A Wolf In Snakeskin Shoes
By Marcus Gardley
Directed by Indhu Rubasingham
October – 14 Nov
Tricycle Theatre
This world premiere of award-winning
playwright Californian Marcus Gardley’s new play is a fitting return for him to
the Tricycle. This fresh take on Molière’s Tartuffe, set in the US
deep south, in a world where fast-food tycoons flourish alongside mega-churches
and charismatic preachers gives the Molière play a new lease of life.

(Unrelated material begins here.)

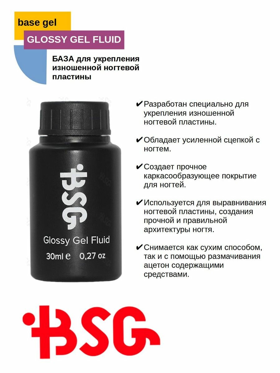 Glossy gel fluid – универсальный базовый гель. Разработан для укрепления изношенной ногтевой пластины. Обладает усиленной сцепкой с ногтем. Создает прочное каркасообразующее покрытие для ногтей. Используется для выравнивания ногтевой пластины, создания прочной и правильной архитектуры ногтя. Снимается как сухим способом, так и с помощью размачивания ацетон содержащими средствами. Внимание! Избегать попадения солнечных лучей даже на закрытые бутылочки (хранить в шкафчике , ящике или на полке без попадания прямых солнечных лучей)
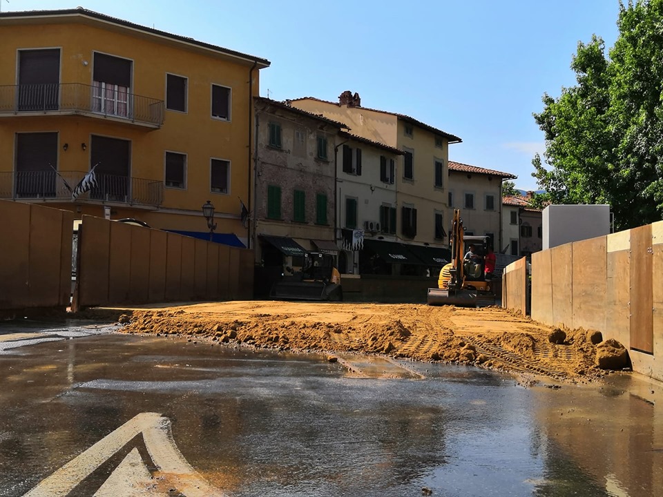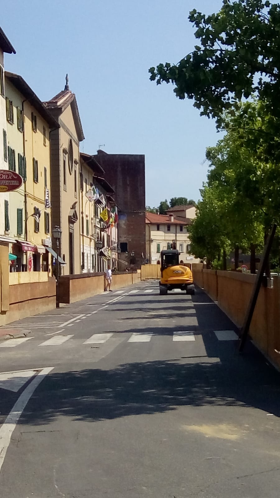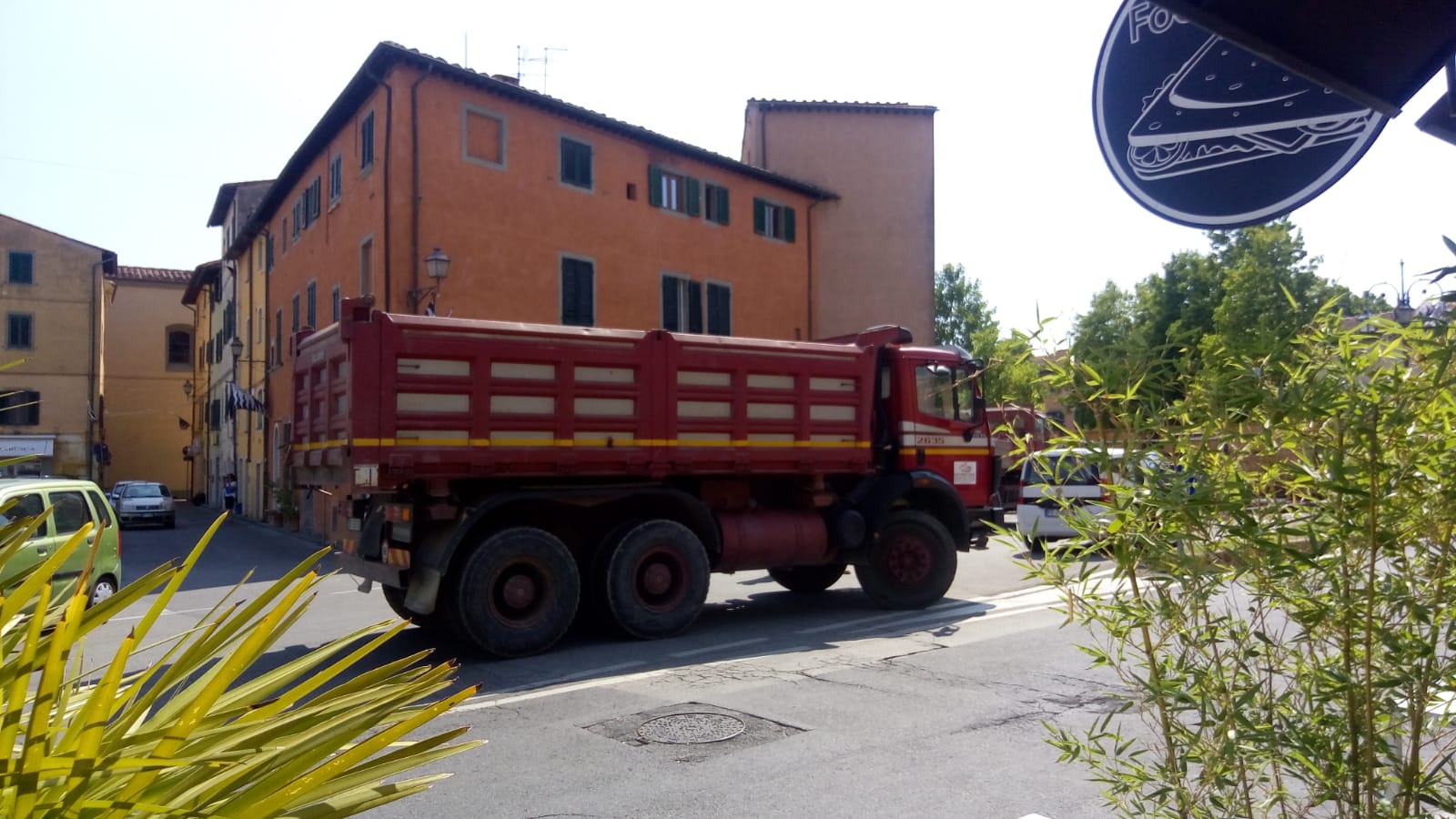 Oggi 18/07 a Biientina in Piazza Vittorio Emanuele II°, già sistemata e con tutte le strutture montate, sono arrivati i camion con la terra per la stesura sulla Pista del Palio.

The original was a daring satire
on religious hypocrisy and the gullibility of the petit-bourgeoisie in 17th
century France. It is a play that would hardly work in a largely secular
Britain today, but set in the USA it is very apposite. The country’s culture of
evangelistic charlatans, fundamentalist Christianity and an atavistic belief in
god and redemption is an ideal setting.
Given just days to live, multi-millionaire Archibald
Organdy puts his faith in the flamboyant Archbishop Tardimus Toof, a prophet, preacher
and part-time masseur from the deep south. Toof wheedles his way into the
Organdy family and promises to absolve Archibald’s sins, heal his cancer as
well as his son’s homosexuality, but Organdy’s live-in woman friend – a hard
bitten, feisty and voluptuous former strip dancer – sees through the preacher’s
pretence with his glutinous word artistry, shiny black suit and snakeskin
shoes.
There is an overwhelmingly black cast who play with
boundless energy, élan and verve. In Gardleys’ reworking of the play it becomes
more of a farce, interspersed with great gospel singing and rap-like rhyming
couplets, than a biting satire. The audience – largely black – clearly loved
the cultural references of the humour.
The weakness, for me, came at the end when Tardimus Toof
– now exposed as the bogus man of god that he is, but clutching the wealth he’s
persuaded his gullible wealthy client to hand over – delivers a cynical paean
to capitalist individualism, rejecting god and Christian charity, declaring that
he now only believes in one god: himself.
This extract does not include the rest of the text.